Ознакомительная версия.
Где-то за полчаса променада мы доходим до небольшого холма, в склоне которого я различаю большое, метра два с половиной — три в диаметре, почти круглое отверстие.
— Это оно и есть? — спрашиваю я.
— Да, это вход, — отвечает Мясоедов, — напоминает тоннель метро. Уж больно круглый, только рельсов не хватает.
— Вы считаете, что это творение рук человеческих?
— Чёрт его знает. Кстати, вам сюда не нужно? Путь не близкий. — Он показывает рукой на стоящий рядом дощатый сортир на два посадочных места, который, скорее всего, поставлен предохранять памятник природы от загаживания. — Идея, в общем-то, примитивная, но со своей задачей справляется — ни рядом, ни внутри следов человеческой жизнедеятельности вы не найдёте. Ну, так как?
— Спасибо, нет, — отвечаю я, — что-то не хочется.
Мы подходим совсем близко ко входу. Внутри, то есть уже в пещере, по обеим сторонам висят фотографии каких-то людей. Чаще в рамках со стеклом, но попадаются и просто выцветшие, полустёртые фотокарточки. На одних написаны две даты через чёрточку, на других нет ничего. Все лица молодые, кроме, может двух или трёх.
— Лучше любого забора, да? — Мясоедов останавливается около фотографии какой-то девушки и внимательно всматривается в её лицо.
— Пожалуй. Это… это все, кто не вышел оттуда? — спрашиваю я, чувствуя, как внутри собирается едкий комок, грозящий вызвать очередной рвотный позыв.
— Нет, что вы, — Мясоедов морщится, будто от кислятины, — это люди, пропавшие в девяностые.
— Куда, пропавшие?
— Кто его знает. Лично я считаю, что большинство из них живы, просто подались куда-нибудь на заработки, никому об этом не сказав. В Москву, например, а может, на ближайшую войну.
— Тогда почему они здесь?
— Не знаю.

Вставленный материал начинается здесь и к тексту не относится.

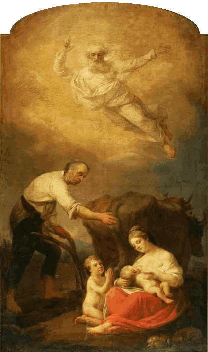 God the Father blesses Isidore's work as a plowman and the holy family life that he and his wife represent. In the legends the couple had only one child, not two, but the prayerful attendance of the older child recalls the countless portraits in which the child John the Baptist looks on as Christ Child lies in his mother's lap. Also, the scene of nursing refers to the many images in which Mary holds the Child to her breast.

Кто-то первый повесил тут фотографию пропавшего человека. Другие тоже стали так делать. Знаете, такое иногда бывает в церквях — люди вешают фотографии своих больных родственников в надежде на спасение… Люди всегда во что-то верят. Кстати, вы не боитесь войти внутрь?

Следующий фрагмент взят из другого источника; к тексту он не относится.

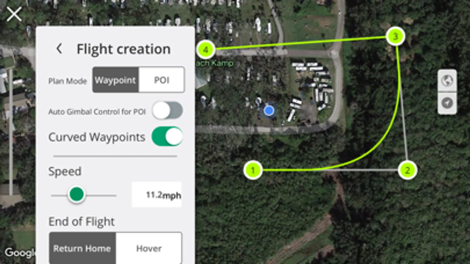 Create a flight plan with a KML file, grid or waypoint plan

— Да ладно, чего уж там, — отвечаю я, мысленно сжигая за собой мосты, — день и так начался неудачно… а что там, внутри?
— Сейчас ничего. Раньше, до войны, тут было что-то вроде места для прогулок, ещё раньше — каменоломни, а ещё раньше, то есть совсем давно, какие-то языческие святилища. — Мясоедов смотрит на меня с подозрением. — Точно не боитесь?
— Чего мне бояться?
— Мало ли чего, Алексей Германович. — Мясоедов опять странно на меня смотрит, будто испытывает. — Ладно, пойдёмте.

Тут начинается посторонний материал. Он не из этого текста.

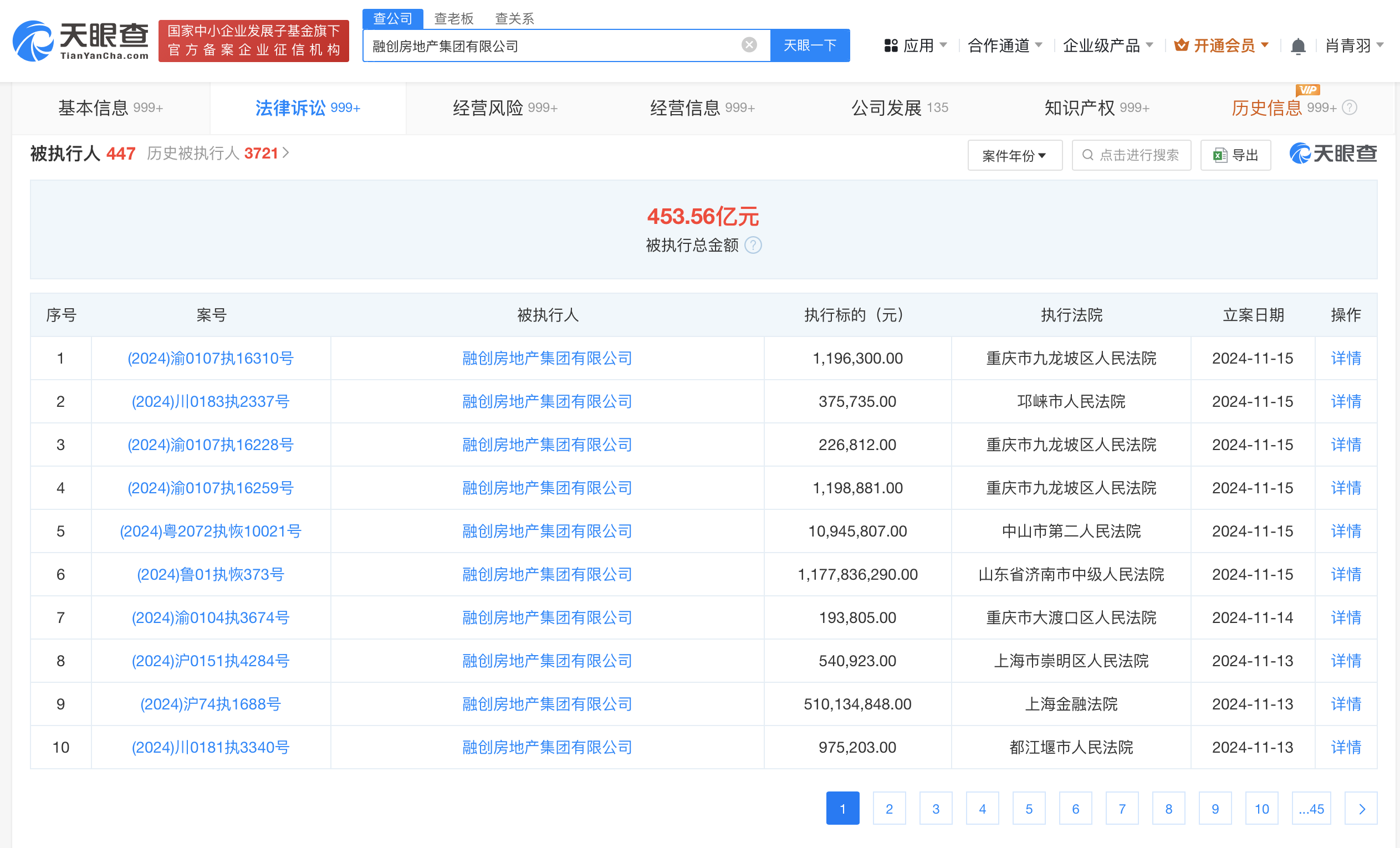 深度风险信息显示,融创房地产集团有限公司现存440余条被执行人信息,被执行总金额超453亿元。此外,该公司还存在多条限制消费令、失信被执行人(老赖)和终本案件信息。

Он включает фонарь, и мы заходим. Внутри пещера и вправду сильно напоминает искусственно вырытый тоннель. По крайней мере, прослеживается вполне определённая цилиндричность, хотя диаметр постоянно «плавает», то, расширяясь, но немного сужаясь.
— Сейчас эта геометрия закончится, — как будто прочитав мои мысли, говорит Мясоедов, — дальше всё будет гораздо естественнее.
Метров через сорок тоннель сильно расширяется, и мы попадаем в длинную бесформенную залу. Я замечаю на полу остатки деревянного настила, а в самом широком месте некое подобие скамеек.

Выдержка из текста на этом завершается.